Well, they are hashable, so this needs to be done carefully. Is this
necessary for AST-based optimizations? Does Python actually change
AST after it has been created? Note that for some optimizations it
may be more appropriate to build a new tree rather than mutate the old
one. Depending on the algorithm, you may or may not need to change
the nodes after they have been created in the process.
|
|
msg127800 - (view) |
Author: Benjamin Peterson (benjamin.peterson) *  |
Date: 2011-02-03 17:27 |
2011/2/3 Alexander Belopolsky <report@bugs.python.org>:
>
> Alexander Belopolsky <belopolsky@users.sourceforge.net> added the comment:
>
> On Thu, Feb 3, 2011 at 12:08 PM, Benjamin Peterson
> <report@bugs.python.org> wrote:
> ..
>>> I wonder: Why ast nodes need to be mutable?
>>
>> So people can change them.
>
> Well, they are hashable, so this needs to be done carefully. Is this
> necessary for AST-based optimizations? Does Python actually change
> AST after it has been created? Note that for some optimizations it
> may be more appropriate to build a new tree rather than mutate the old
> one. Depending on the algorithm, you may or may not need to change
> the nodes after they have been created in the process.

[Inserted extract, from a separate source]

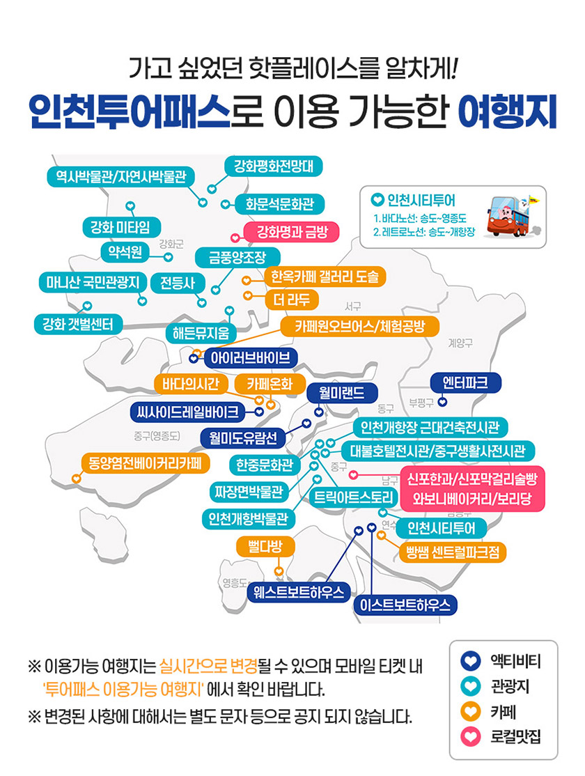 보다 자세한 정보는 인천투어패스 공식 홈페이지 및 고객센터(070-4263-7790)를 통해 확인할 수 있으며, 네이버 스마트스토어, 여기어때, 야놀자, 쿠팡 등 온라인 플랫폼에서 구매하면 된다.

Other people are, though. The hash is by identity anyway.
|
|
msg127801 - (view) |
Author: Benjamin Peterson (benjamin.peterson) *  |
Date: 2011-02-03 17:28 |
2011/2/3 Alexander Belopolsky <report@bugs.python.org>:
>
> Alexander Belopolsky <belopolsky@users.sourceforge.net> added the comment:
>
> On Thu, Feb 3, 2011 at 12:08 PM, Benjamin Peterson
> <report@bugs.python.org> wrote:
> ..
>>> I wonder: Why ast nodes need to be mutable?
>>
>> So people can change them.
>
> Well, they are hashable, so this needs to be done carefully. Is this
> necessary for AST-based optimizations? Does Python actually change
> AST after it has been created? Note that for some optimizations it
> may be more appropriate to build a new tree rather than mutate the old
> one. Depending on the algorithm, you may or may not need to change
> the nodes after they have been created in the process.
Other people are, though. The hash is by identity anyway.
|
|
msg127816 - (view) |
Author: Georg Brandl (georg.brandl) *  |
Date: 2011-02-03 20:14 |
Alex: If the node attributes were not mutable, it would be extremely awkward, not to say inefficient, to mutate an already existing AST as returned by ast.parse().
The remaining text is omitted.